» **WHAT THE TASK ASKS**: Return exactly the lines from the start of the records below through the line containing "3、保留底油下薑蒜末炒香,下", both ends included, and leave out the pictures.

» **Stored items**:

____

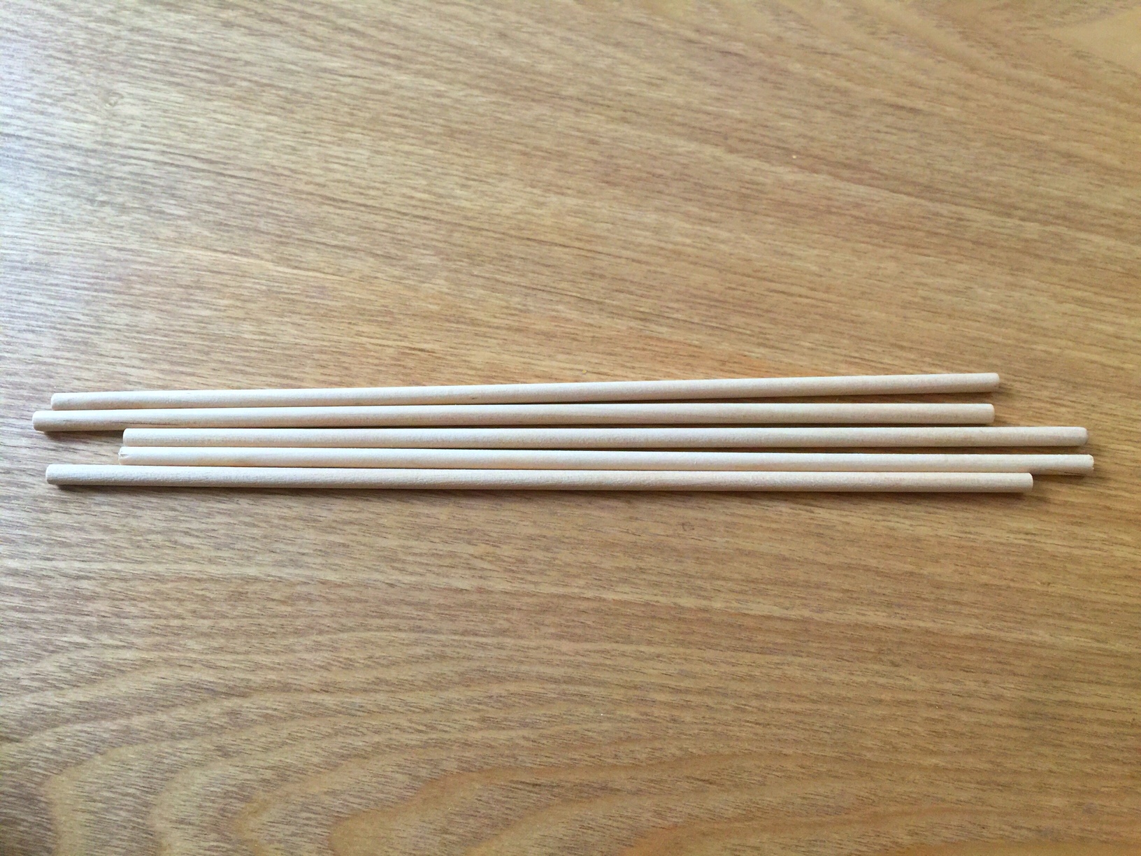 Use your hot glue gun to add your green strips to the wooden dowels.
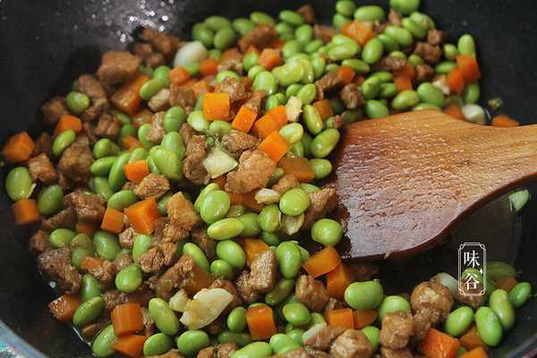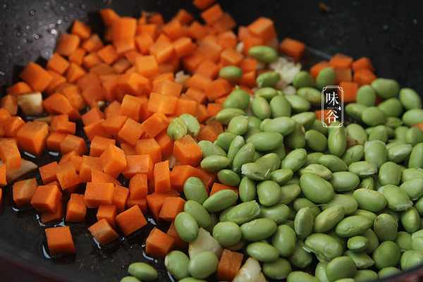 3、保留底油下薑蒜末炒香,下胡蘿卜和毛豆炒出香味,加一小碗熱水蓋鍋蓋悶煮5分鐘;
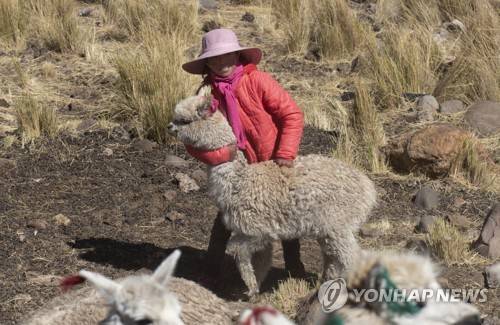 Leila Ccaico, 11, plays with one of her family's alpacas on her family's land in Licapa, Peru, Thursday, Sept. 2, 2021. Ccaico, whose parents are alpaca herders, said she stopped speaking Quechua fluently at the age of six when her older sister told her to stop because passersby would make fun of them. (AP Photo/Franklin Briceno) SEPT. 2, 2021 PHOTO
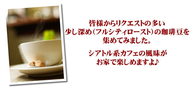 皆様からリクエストの多い少し深めやコクのある珈琲豆を集めてみました。根強い人気のシアトル系カフェの風味をお家で楽しめます♪スイーツにも相性バツグン!家カフェに最適な珈琲豆をたっぷり約200杯分(2kg)をお届けします。酸味が無く香り高い、少し深めやコクのある珈琲がお好みの方、是非どうぞ。
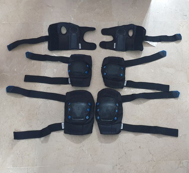 Conjunto de 3 protecciones (muñequeras, coderas, rodilleras). Color negro. Talla L.

____

» **FINISHED TASK**:
 Use your hot glue gun to add your green strips to the wooden dowels.
 3、保留底油下薑蒜末炒香,下胡蘿卜和毛豆炒出香味,加一小碗熱水蓋鍋蓋悶煮5分鐘;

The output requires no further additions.